• **Problem requirements**:
All of the data that follows is to be printed exactly, without pictures.
Segment Start: Data for analysis
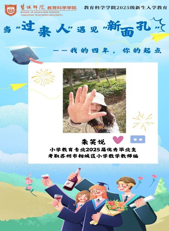 为帮助新生领略到专业学习和技能训练的高效方法,明确老员工活的成长方向。8月25日晚,永利23411集团邀请2025届小学教育专业优秀毕业生朱笑悦——一位考编“过来人”作为“当‘过来人’遇见‘新面孔’:我的四年,你的起点”主题分享会第6期分享者。大学四年间,她劈波斩浪,积极进取,最终考取苏州市相城区小学教师编。从青涩迷茫到成熟坚定,跨越梦想与现实的距离,朱笑悦用四年的光阴完成自我的磨砺,于毕业季收获了成功的果实
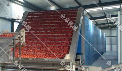 干燥創(chuàng)藝系列:紅棗烘干生產(chǎn)線可實現(xiàn)紅棗從風(fēng)選→分選→滾杠提升→清洗→風(fēng)干→上料→烘干→出料→冷卻、回軟→精選挑選→殺菌→包裝為一體的自動化流水烘干作業(yè),是目前紅棗加工理想的烘干生產(chǎn)線。
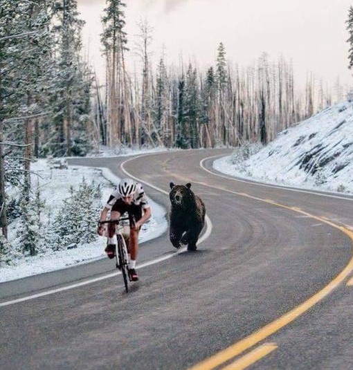 We all fear of being killed by wild animals like bears. While bears rarely attack humans, it still happens from time to time. This photo of a bear chasing a guy on the bike was taken in Alaska. Every time we step into the woods, there’s a small chance of a wild animal attacking us. That’s why we should always be on the alert for animals while exploring the wildness. Hopefully, nothing bad happened to this guy!
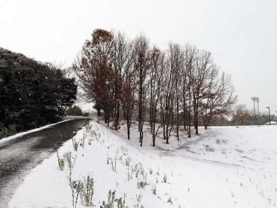 ・本日、終日雪模様。だが、デスクワークばかりでも気が晴れず運動不足になるので、昼前散歩の代わりにショッピングセンターをぶらぶらして昼食用の食パンやあれこれ買い物。夕刻散歩では傘を差して総合公園の遊歩道を歩く。写真1は子ども広場の雪景色。 2と3は、林と枝模様。積雪はせいぜい5センチまで? だが今夜から明日にかけて豪雪という予報。皆さんくれぐれもご注意ください。〔仕事と歩数〕愛染帖PCインプット。5,185歩。
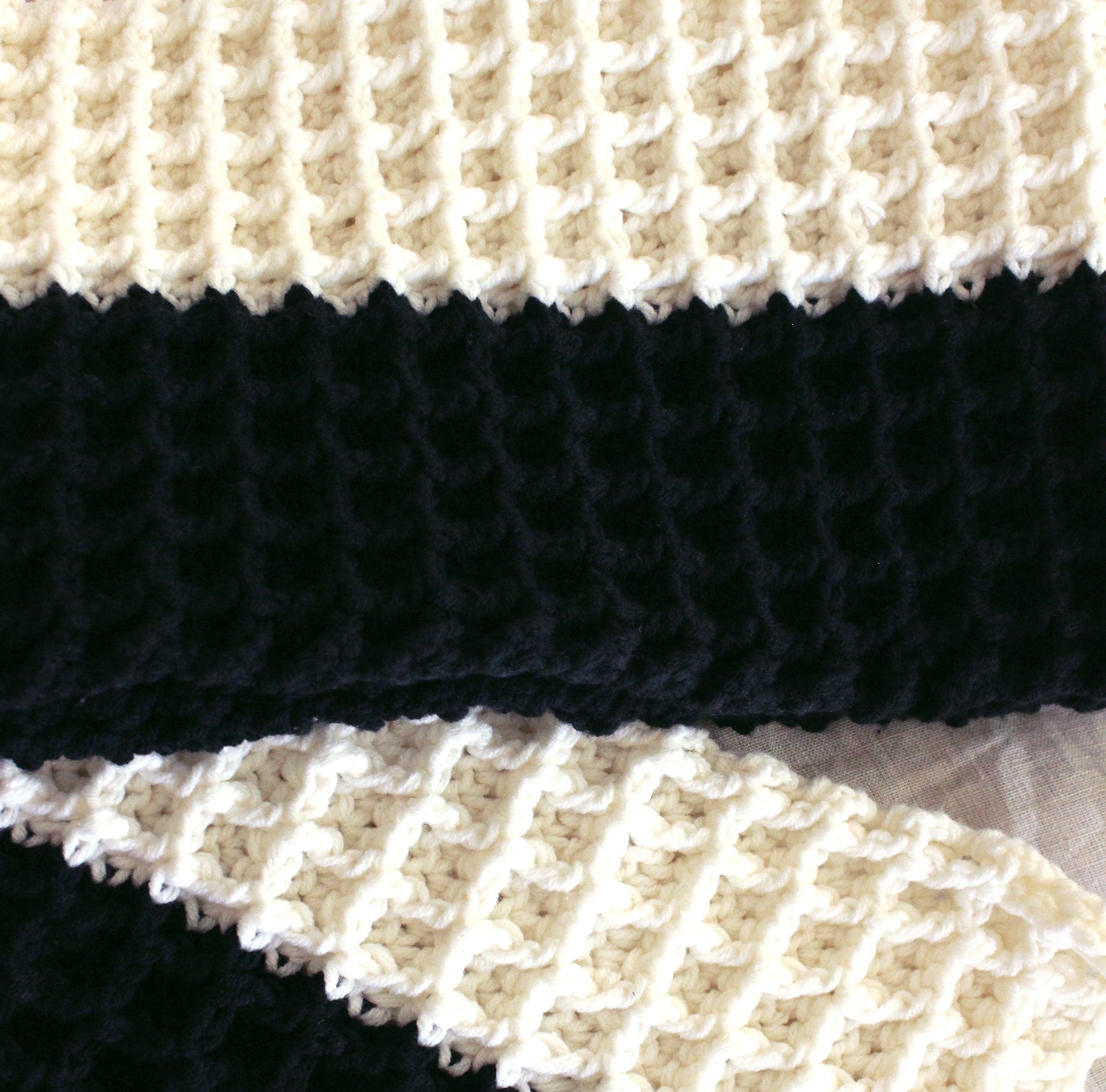 WAFFLE Crochet Scarf in Black & Off White
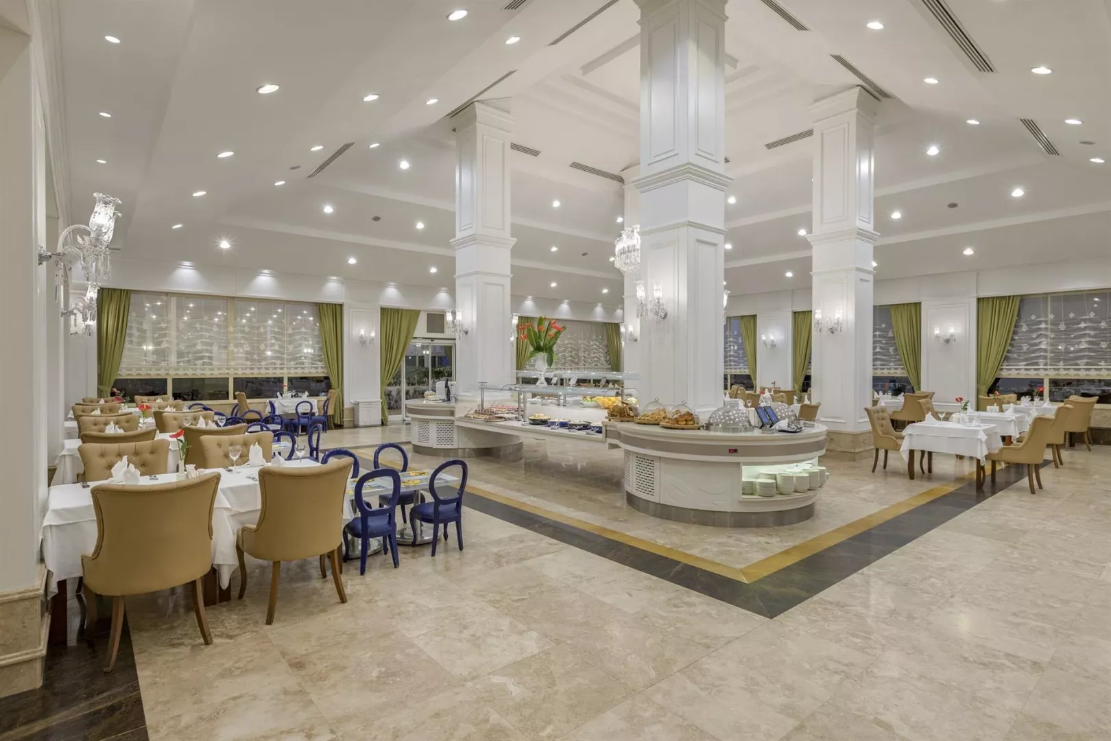 Hotel ponúka Ultra All Inclusive program s 24-hodinovým prístupom k raňajkám, obedom a večeriam formou bufetu. Zahrnuté sú aj občerstvenia a nápoje, vrátane kávy Starbucks a miestnych alkoholických nápojov. Možnosť večere v a la carte reštauráciách je k dispozícii za rezerváciu a príplatok.
Segment End: Data for analysis
• **Answer space**:
 为帮助新生领略到专业学习和技能训练的高效方法,明确老员工活的成长方向。8月25日晚,永利23411集团邀请2025届小学教育专业优秀毕业生朱笑悦——一位考编“过来人”作为“当‘过来人’遇见‘新面孔’:我的四年,你的起点”主题分享会第6期分享者。大学四年间,她劈波斩浪,积极进取,最终考取苏州市相城区小学教师编。从青涩迷茫到成熟坚定,跨越梦想与现实的距离,朱笑悦用四年的光阴完成自我的磨砺,于毕业季收获了成功的果实
 干燥創(chuàng)藝系列:紅棗烘干生產(chǎn)線可實現(xiàn)紅棗從風(fēng)選→分選→滾杠提升→清洗→風(fēng)干→上料→烘干→出料→冷卻、回軟→精選挑選→殺菌→包裝為一體的自動化流水烘干作業(yè),是目前紅棗加工理想的烘干生產(chǎn)線。
 We all fear of being killed by wild animals like bears. While bears rarely attack humans, it still happens from time to time. This photo of a bear chasing a guy on the bike was taken in Alaska. Every time we step into the woods, there’s a small chance of a wild animal attacking us. That’s why we should always be on the alert for animals while exploring the wildness. Hopefully, nothing bad happened to this guy!
 ・本日、終日雪模様。だが、デスクワークばかりでも気が晴れず運動不足になるので、昼前散歩の代わりにショッピングセンターをぶらぶらして昼食用の食パンやあれこれ買い物。夕刻散歩では傘を差して総合公園の遊歩道を歩く。写真1は子ども広場の雪景色。 2と3は、林と枝模様。積雪はせいぜい5センチまで? だが今夜から明日にかけて豪雪という予報。皆さんくれぐれもご注意ください。〔仕事と歩数〕愛染帖PCインプット。5,185歩。
 WAFFLE Crochet Scarf in Black & Off White
 Hotel ponúka Ultra All Inclusive program s 24-hodinovým prístupom k raňajkám, obedom a večeriam formou bufetu. Zahrnuté sú aj občerstvenia a nápoje, vrátane kávy Starbucks a miestnych alkoholických nápojov. Možnosť večere v a la carte reštauráciách je k dispozícii za rezerváciu a príplatok.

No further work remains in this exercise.